Which licence permits issuing prepaid cards in the UK? Prepaid cards involve the issuance of electronic money: the card balance is a stored-value claim on the issuer. Issuing prepaid cards therefore requires an EMI licence (Authorised or Small). An API cannot issue prepaid cards in its own right. APIs can, however, distribute prepaid cards on behalf of an authorised EMI as a programme manager or distributor, which is a common commercial arrangement.

How does the SM&CR apply differently across the UK payment licences? SM&CR applies in full to APIs and AEMIs, with the standard senior management functions (SMF1 Chief Executive, SMF2 Chief Finance, SMF17 Money Laundering Reporting Officer and others as relevant) requiring individual FCA approval. SM&CR applies in lighter form to SPIs and SEMIs: the MLRO and key individuals require approval but the full SMF framework does not. SM&CR does not apply to RAISPs in the same way, although the firm's directors and key individuals are subject to fitness and propriety assessment at registration.

Can I hold both an API and an EMI authorisation? Yes, in principle, although in practice firms holding e-money permission typically hold an EMI rather than maintaining both. The EMI authorisation includes everything an API can do: a firm with an EMI does not separately need an API. Some groups hold an API in one entity and an EMI in another for commercial or capital structuring reasons but the more common pattern is consolidation under a single EMI authorisation as the business matures.

What happens to my SPI registration if I exceed €3 million monthly volume? Exceeding the SPI volume cap is a regulatory breach: the firm is providing payment services beyond the scope of its registration. The firm must either reduce volume below the cap or obtain API authorisation before exceeding the cap on a sustained basis. SPIs approaching the cap should engage with the FCA proactively, plan their API transition six to twelve months in advance, and submit the variation of permission application well before the cap is breached.

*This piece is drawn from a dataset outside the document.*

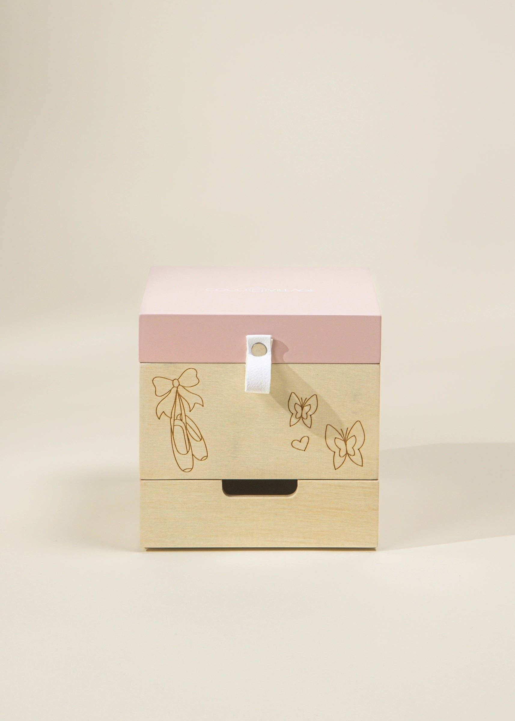 Our ballerina-inspired musical souvenir box is designed with ballet-related engravings and includes a little ballerina that pops up when you open it. It plays the soothing melody of "Swan Lake", perfect for capturing precious childhood moments or adding a touch of natural beauty to your space. This music box is a timeless keepsake that will enchant both young and old alike.

Firms that exceed the cap without prior authorisation face supervisory action including potential restrictions, requirements and (in serious cases) enforcement.

Is it easier to get an SPI than an API? Yes. SPI registration is a lighter process with a smaller application file, lighter governance expectations, no mandatory safeguarding, no mandatory CASS 15 audit. Realistic timelines are three to six months for an SPI versus six to ten months for an API. The trade-offs are the volume cap, the inability to provide PIS or AIS, and the eventual cost of upgrading to API status if the business scales.

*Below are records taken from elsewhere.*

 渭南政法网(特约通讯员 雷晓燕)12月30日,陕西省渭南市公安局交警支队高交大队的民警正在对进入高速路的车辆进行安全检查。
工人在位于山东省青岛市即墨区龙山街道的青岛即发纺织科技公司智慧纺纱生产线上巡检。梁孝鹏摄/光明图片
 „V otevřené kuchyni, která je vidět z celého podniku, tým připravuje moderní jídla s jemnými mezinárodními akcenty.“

Do any UK payment licences provide an EU passport in 2026? No. PSD2 passporting between the UK and the EU ended on 31 December 2020 following Brexit. No UK payment licence permits cross-border services or establishment in the EEA. UK firms wishing to serve EU customers must obtain a separate authorisation in an EU Member State (most commonly Lithuania, Ireland or the Netherlands for fintech models) and operate that authorisation in parallel with the UK licence. Conversely, EU firms wishing to serve UK customers must obtain UK authorisation.

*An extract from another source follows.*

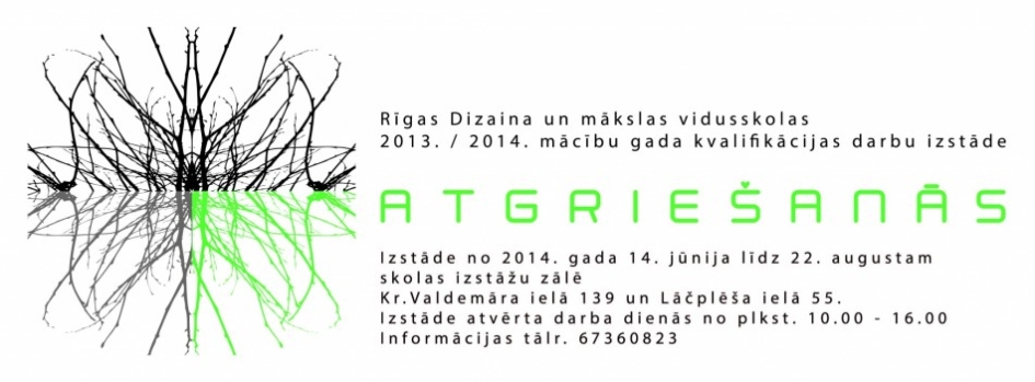 2013./2014. mācību gada Rīgas Dizaina un mākslas vidusskolas kvalifikācijas darbu izstādi “Atgriešanās” varēs apskatīt no 14. jūnija līdz 22. augustam skolas izstāžu zālē K. Valdemāra ielā 139 un Lāčplēša ielā 55. Modes skate norisināsies 14. jūnijā plkst. 14:00 K. Valdemāra ielā 139.

How long does each UK payment licence take to obtain in 2026? Realistic end-to-end timelines from submission to authorisation are: API six to ten months, SPI three to six months, RAISP three to six months, AEMI nine to fifteen months, SEMI four to seven months. Add four to eight weeks for application preparation before submission. The single biggest controllable variable across all licence types is the quality and completeness of the application at submission. A polished, complete file dramatically reduces FCA information request rounds and shortens the timeline.